[To do]
Only lines, not pictures: please repeat exactly the lines from the one with "胡散臭い通販商品みたいなあだ名 | 『モテモテ間違いなし霊験あらたかなお札…その名も「みやじりほ」』 |" through the end of the listing.

□ □ □

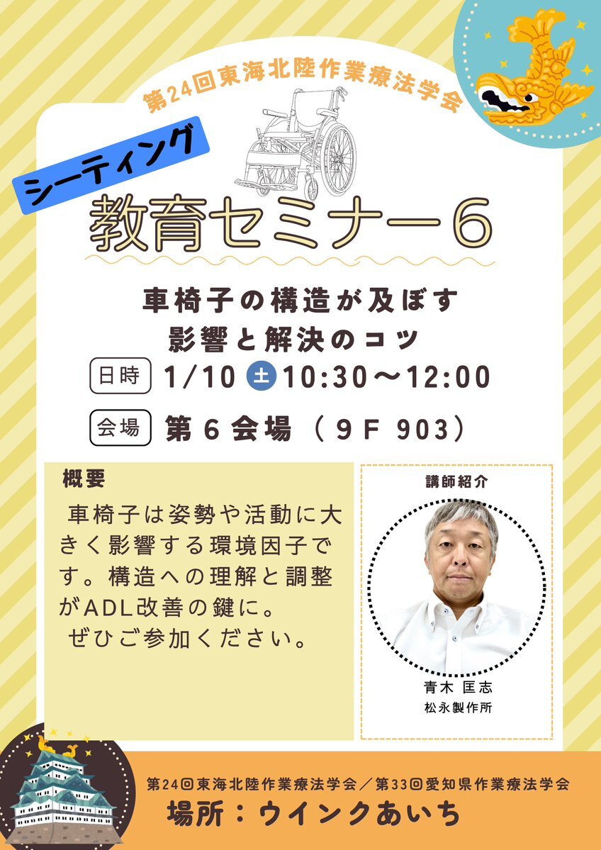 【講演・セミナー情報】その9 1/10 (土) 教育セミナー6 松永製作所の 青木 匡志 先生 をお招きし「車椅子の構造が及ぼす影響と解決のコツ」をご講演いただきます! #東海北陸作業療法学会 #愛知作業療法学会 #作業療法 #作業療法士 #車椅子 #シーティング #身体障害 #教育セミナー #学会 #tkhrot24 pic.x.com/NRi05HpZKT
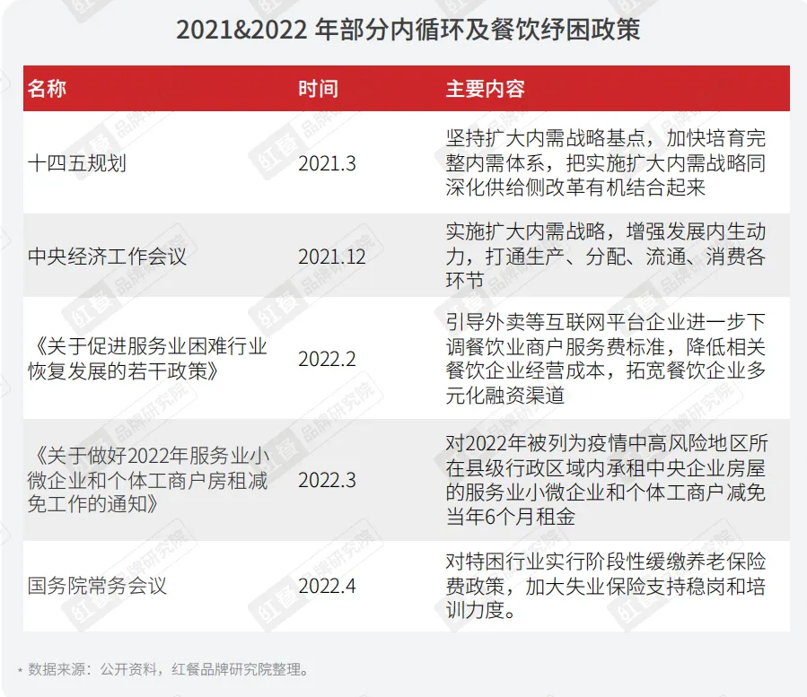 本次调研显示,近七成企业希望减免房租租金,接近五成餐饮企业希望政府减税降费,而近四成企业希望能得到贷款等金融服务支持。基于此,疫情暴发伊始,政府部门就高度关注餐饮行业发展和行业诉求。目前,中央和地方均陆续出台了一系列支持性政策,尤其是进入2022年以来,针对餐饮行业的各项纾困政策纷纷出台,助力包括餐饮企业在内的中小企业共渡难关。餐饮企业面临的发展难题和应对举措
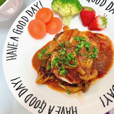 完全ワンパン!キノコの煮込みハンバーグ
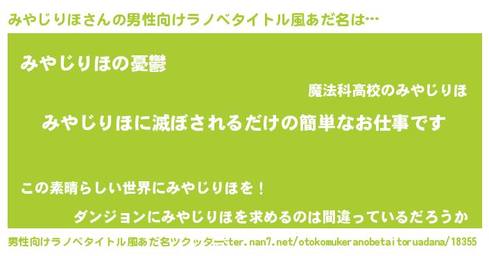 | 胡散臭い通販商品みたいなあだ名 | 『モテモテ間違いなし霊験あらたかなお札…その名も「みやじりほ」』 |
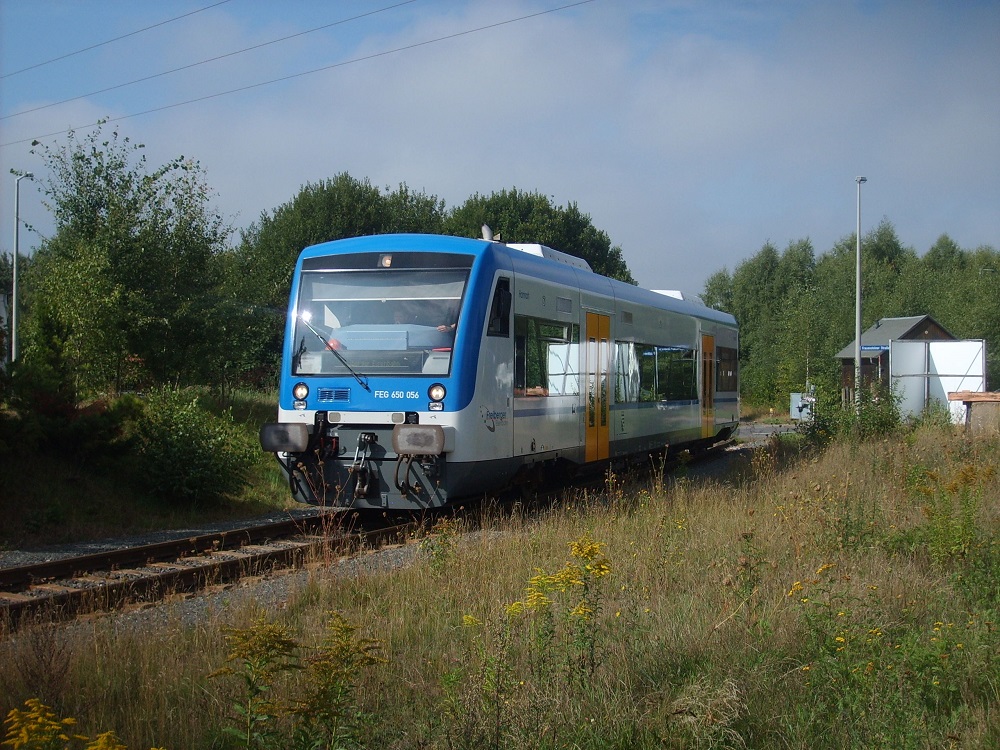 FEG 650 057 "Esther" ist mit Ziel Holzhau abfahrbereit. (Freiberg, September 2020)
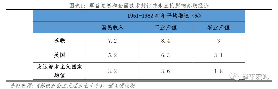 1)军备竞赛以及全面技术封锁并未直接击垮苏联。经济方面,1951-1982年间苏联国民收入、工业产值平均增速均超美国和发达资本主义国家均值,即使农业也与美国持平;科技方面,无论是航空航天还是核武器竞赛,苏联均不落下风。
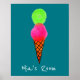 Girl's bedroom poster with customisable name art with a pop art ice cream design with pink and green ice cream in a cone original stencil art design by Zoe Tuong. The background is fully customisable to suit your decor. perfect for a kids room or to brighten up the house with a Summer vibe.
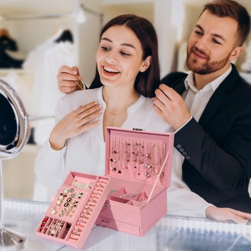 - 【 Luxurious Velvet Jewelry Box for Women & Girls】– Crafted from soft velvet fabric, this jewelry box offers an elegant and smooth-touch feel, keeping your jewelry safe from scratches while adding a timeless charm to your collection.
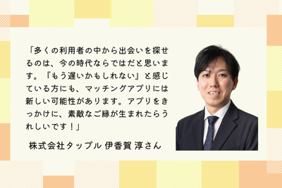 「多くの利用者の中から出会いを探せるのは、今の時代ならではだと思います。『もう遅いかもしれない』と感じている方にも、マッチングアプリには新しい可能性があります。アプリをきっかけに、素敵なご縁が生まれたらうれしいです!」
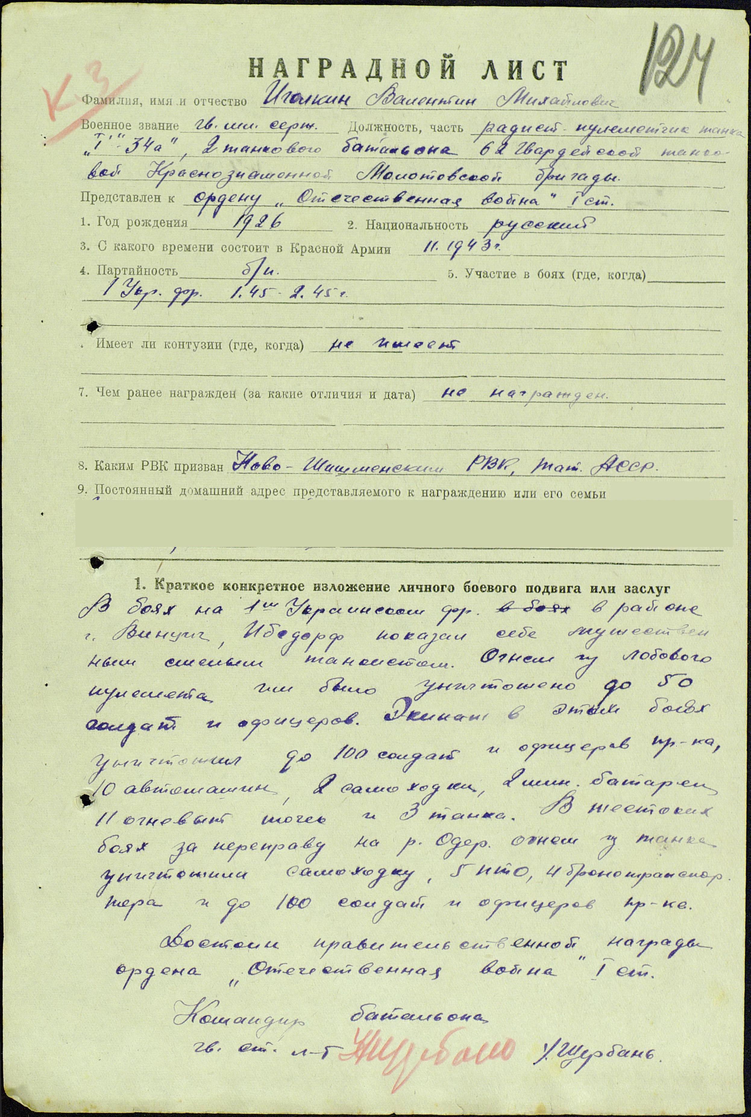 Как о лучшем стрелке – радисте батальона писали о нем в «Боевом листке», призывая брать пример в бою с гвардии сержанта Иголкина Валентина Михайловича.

□ □ □

[Expected output]
 | 胡散臭い通販商品みたいなあだ名 | 『モテモテ間違いなし霊験あらたかなお札…その名も「みやじりほ」』 |
 FEG 650 057 "Esther" ist mit Ziel Holzhau abfahrbereit. (Freiberg, September 2020)
 1)军备竞赛以及全面技术封锁并未直接击垮苏联。经济方面,1951-1982年间苏联国民收入、工业产值平均增速均超美国和发达资本主义国家均值,即使农业也与美国持平;科技方面,无论是航空航天还是核武器竞赛,苏联均不落下风。
 Girl's bedroom poster with customisable name art with a pop art ice cream design with pink and green ice cream in a cone original stencil art design by Zoe Tuong. The background is fully customisable to suit your decor. perfect for a kids room or to brighten up the house with a Summer vibe.
 - 【 Luxurious Velvet Jewelry Box for Women & Girls】– Crafted from soft velvet fabric, this jewelry box offers an elegant and smooth-touch feel, keeping your jewelry safe from scratches while adding a timeless charm to your collection.
 「多くの利用者の中から出会いを探せるのは、今の時代ならではだと思います。『もう遅いかもしれない』と感じている方にも、マッチングアプリには新しい可能性があります。アプリをきっかけに、素敵なご縁が生まれたらうれしいです!」
 Как о лучшем стрелке – радисте батальона писали о нем в «Боевом листке», призывая брать пример в бою с гвардии сержанта Иголкина Валентина Михайловича.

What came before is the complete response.